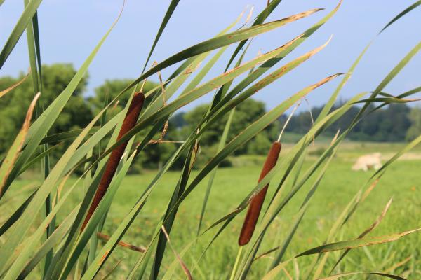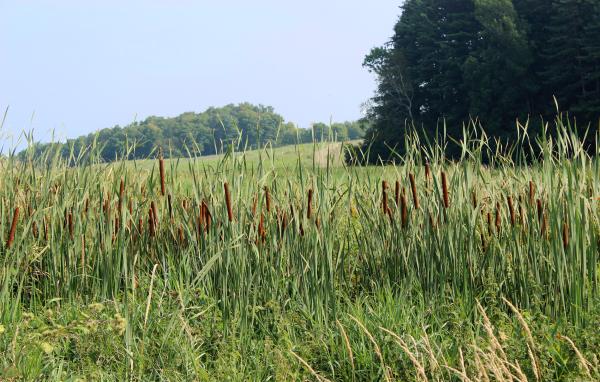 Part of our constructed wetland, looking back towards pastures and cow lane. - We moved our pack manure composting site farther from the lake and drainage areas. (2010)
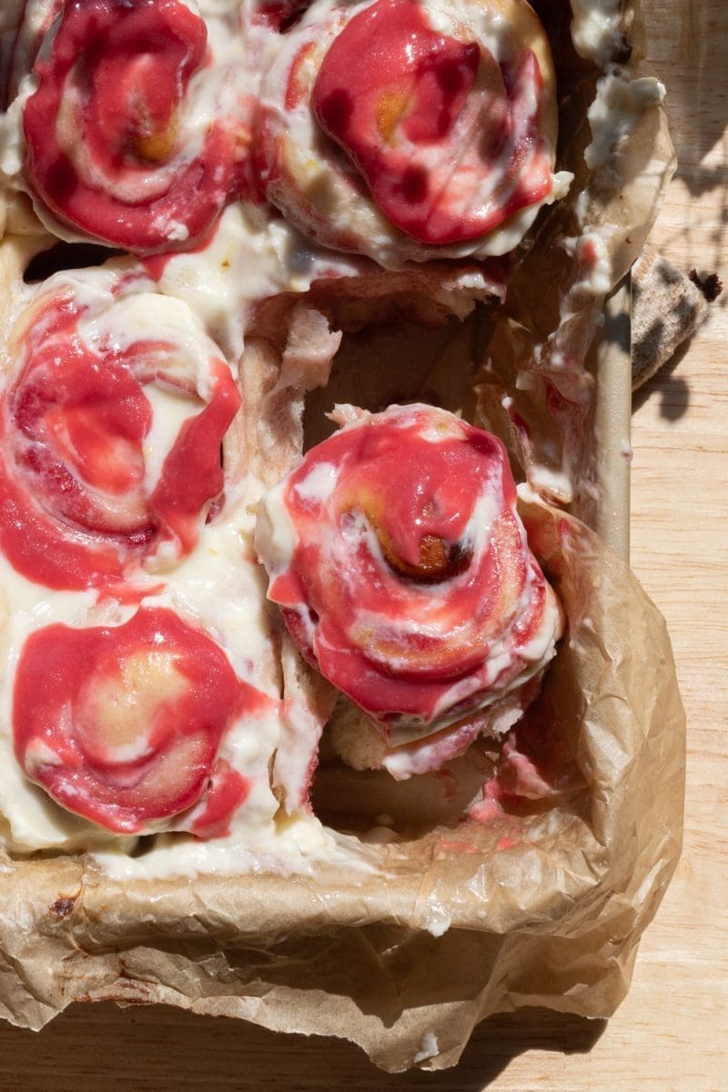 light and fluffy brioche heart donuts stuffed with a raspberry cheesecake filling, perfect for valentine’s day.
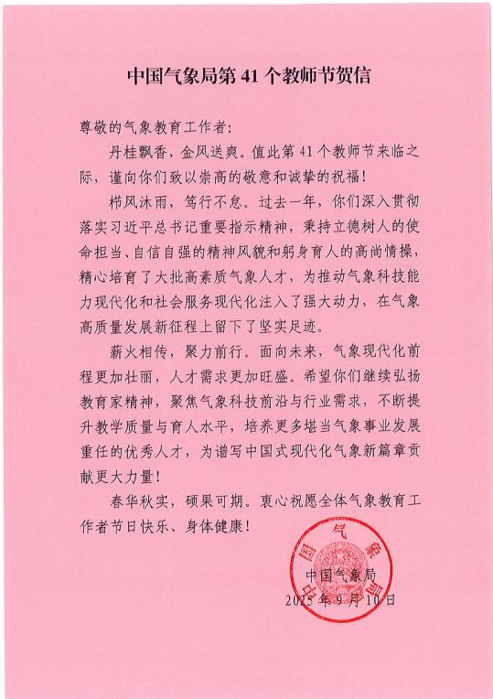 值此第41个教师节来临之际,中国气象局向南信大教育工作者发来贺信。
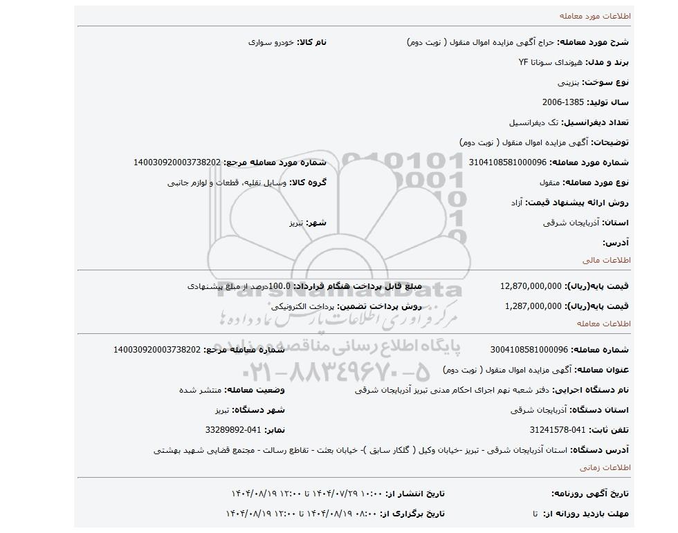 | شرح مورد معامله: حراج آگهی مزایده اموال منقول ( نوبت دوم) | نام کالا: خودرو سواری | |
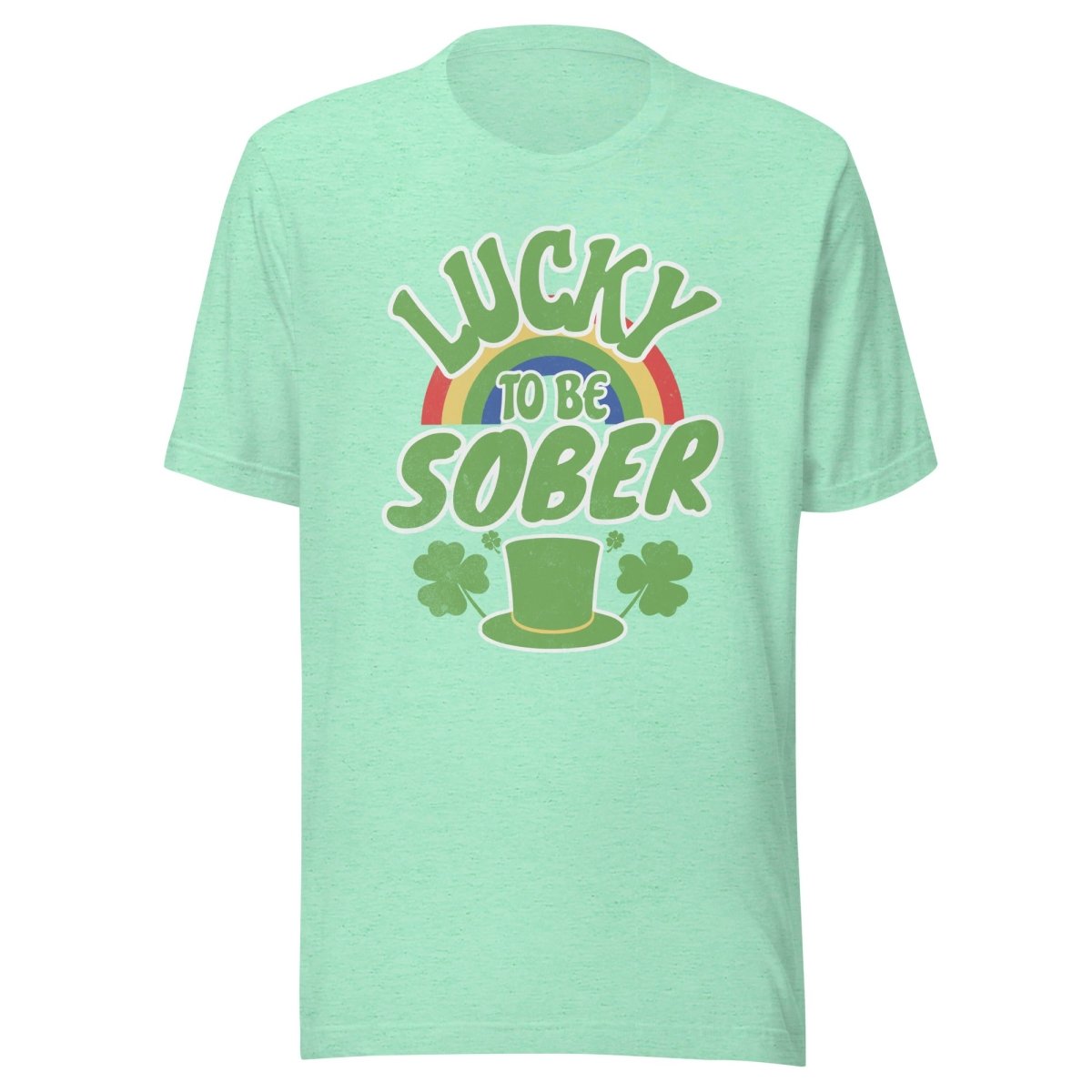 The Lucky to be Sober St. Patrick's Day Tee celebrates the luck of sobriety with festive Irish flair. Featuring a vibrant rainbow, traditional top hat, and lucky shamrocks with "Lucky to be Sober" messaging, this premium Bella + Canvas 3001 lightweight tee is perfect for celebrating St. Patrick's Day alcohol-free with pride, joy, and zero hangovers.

________________________

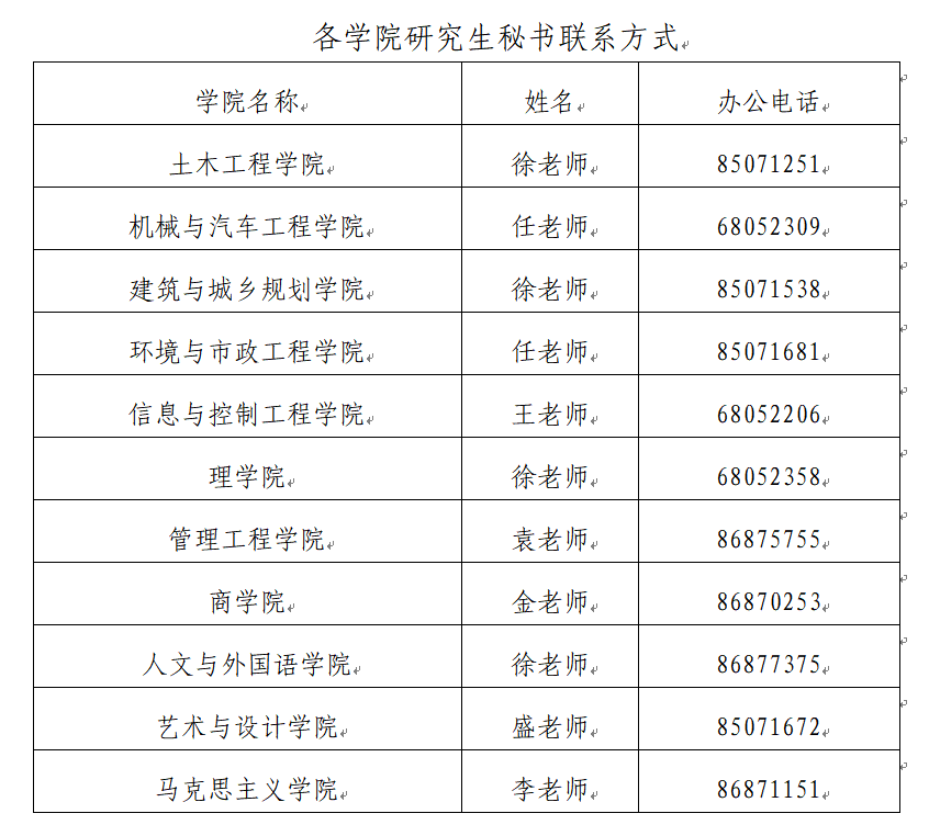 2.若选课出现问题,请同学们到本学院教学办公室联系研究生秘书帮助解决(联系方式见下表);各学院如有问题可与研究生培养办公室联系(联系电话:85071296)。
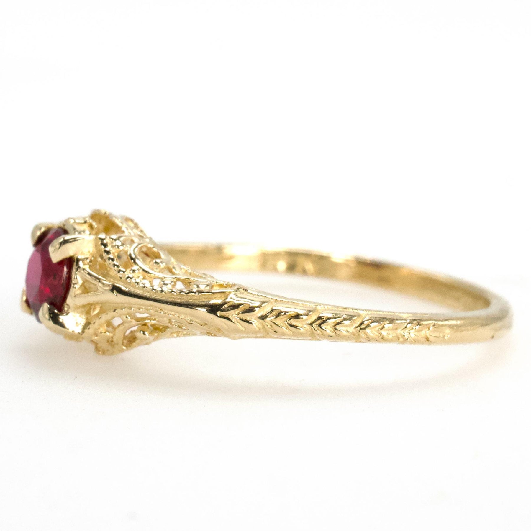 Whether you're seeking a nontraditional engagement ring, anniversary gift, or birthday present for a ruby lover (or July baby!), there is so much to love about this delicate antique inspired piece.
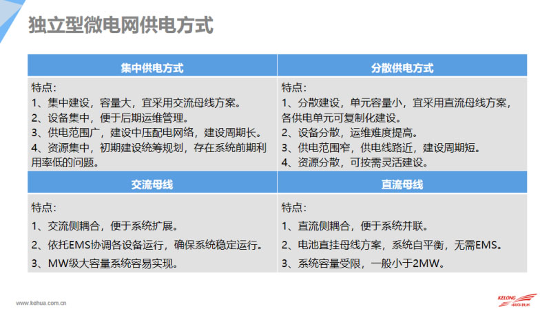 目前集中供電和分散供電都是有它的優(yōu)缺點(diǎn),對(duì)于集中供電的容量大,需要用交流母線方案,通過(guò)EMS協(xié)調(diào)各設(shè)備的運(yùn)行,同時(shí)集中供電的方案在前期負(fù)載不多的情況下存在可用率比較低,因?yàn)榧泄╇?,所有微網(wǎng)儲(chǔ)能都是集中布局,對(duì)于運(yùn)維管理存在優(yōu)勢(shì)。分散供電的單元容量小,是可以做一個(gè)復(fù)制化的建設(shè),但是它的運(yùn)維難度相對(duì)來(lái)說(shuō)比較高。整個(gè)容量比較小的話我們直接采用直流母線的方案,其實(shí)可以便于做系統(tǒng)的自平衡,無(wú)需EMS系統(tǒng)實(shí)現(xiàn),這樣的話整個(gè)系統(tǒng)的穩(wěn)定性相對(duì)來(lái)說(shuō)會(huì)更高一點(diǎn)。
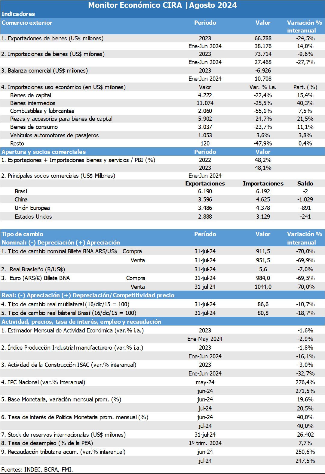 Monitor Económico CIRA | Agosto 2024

________________________

## Work instructions
Please repeat the lines of the material above exactly, starting with the line that contains "值此第41个教师节来临之际,中国气象局向南信大教育工作者发来贺信。" and ending with the line that contains "The Lucky to". Leave the pictures out.

## Solution
 值此第41个教师节来临之际,中国气象局向南信大教育工作者发来贺信。
 | شرح مورد معامله: حراج آگهی مزایده اموال منقول ( نوبت دوم) | نام کالا: خودرو سواری | |
 The Lucky to be Sober St. Patrick's Day Tee celebrates the luck of sobriety with festive Irish flair. Featuring a vibrant rainbow, traditional top hat, and lucky shamrocks with "Lucky to be Sober" messaging, this premium Bella + Canvas 3001 lightweight tee is perfect for celebrating St. Patrick's Day alcohol-free with pride, joy, and zero hangovers.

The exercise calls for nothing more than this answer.